Rung three swaps your prompt for a clock. I set a green baseline, then launched a background “rogue teammate” that pushed one regression into calc.py every 30 seconds, and told a /loop to keep the suite green:

/loop 30s run python -m pytest -q. If not "5 passed", fix calc.py only
to restore green. Stop once ci_done.flag exists AND pytest reports
"5 passed".

Two things surfaced immediately. First, cron’s floor is one minute — it cannot express “every 30 seconds,” so 30s silently became */1 * * * *. The platform’s granularity is part of your design whether you like it or not. Second, the stop condition needed two clauses AND’d together: an external signal (ci_done.flag — the source of change is finished) and the metric (5 passed — and we’re green right now). Either clause alone is a bug: flag-only can stop while red; metric-only can stop during a lull before the next regression lands. And because the injector and the loop both wrote calc.py, I got a live taste of the concurrent-writer hazard every real monitoring loop carries: read stale, edit, fail, re-read, re-fix.
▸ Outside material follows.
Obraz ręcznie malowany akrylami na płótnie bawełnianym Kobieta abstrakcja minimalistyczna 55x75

The summit: composition, not a new trick

A proactive loop — scheduled, unattended, cloud-resident — turned out not to be a new primitive at all. It is the first three rungs wired together and pointed at a schedule with no human in the room:

/schedule every morning at 8am: run the /verify-calc skill.
/goal don’t stop until verify-calc reports healthy (5 passed) within its
fence. If it ESCALATES, stop and send me the report instead of forcing green.
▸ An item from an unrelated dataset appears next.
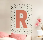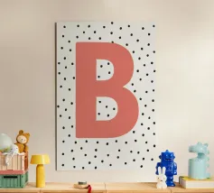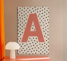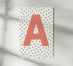 The playful design with the letter "R" in bright red on a black dot pattern is a stylish eye-catcher. Perfect for children's rooms, modern living spaces or as a gift idea with a personal touch. The clear typography combined with a Scandinavian-inspired pattern adds a charming accent to any room. Ideal for combining with other letters from the series.

The load-bearing piece is verify-calc, a SKILL.md that encodes the metric, the fence, a three-attempt budget and an escalation path in one reusable file. That is the whole reason the blog keeps repeating “encode verification as skills”: when no human checks the work, the definition of “done” has to live somewhere the loop reads every single run — not in your head.
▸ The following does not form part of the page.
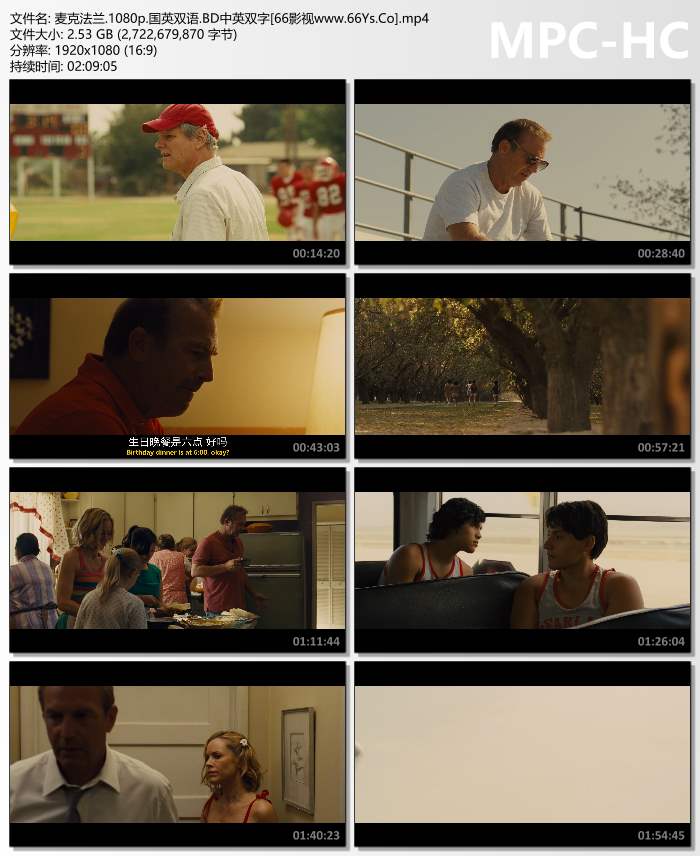 《麦克法兰》根据1987年的真实故事改编,科斯特纳扮演的教练来到一个穷困无比,尘土飞扬,居民多为拉美裔的农业小镇,将那里的高中生们变成越野赛跑健将,给自己,也给小镇带来希望。

Removing the human doesn’t add complexity so much as remove your safety net, which makes every safeguard load-bearing at once: the fence, or it reward-hacks at 3am; the budget, or an impossible goal burns tokens all night; the stop condition, or it never quits; the kill-switch, or you can’t stop it remotely.

What I’m taking with me

One question now goes on every loop I write before I arm it: if this goal were impossible, what would my loop do? If the answer isn’t a clean, enforced stop — measured where the enforcer can actually see it — I don’t have a safe loop yet. I have a token bonfire waiting for the wrong goal. A loop is only as safe as its stop condition, its fence, its budget and its kill-switch — and every one of those matters more the moment you leave the room.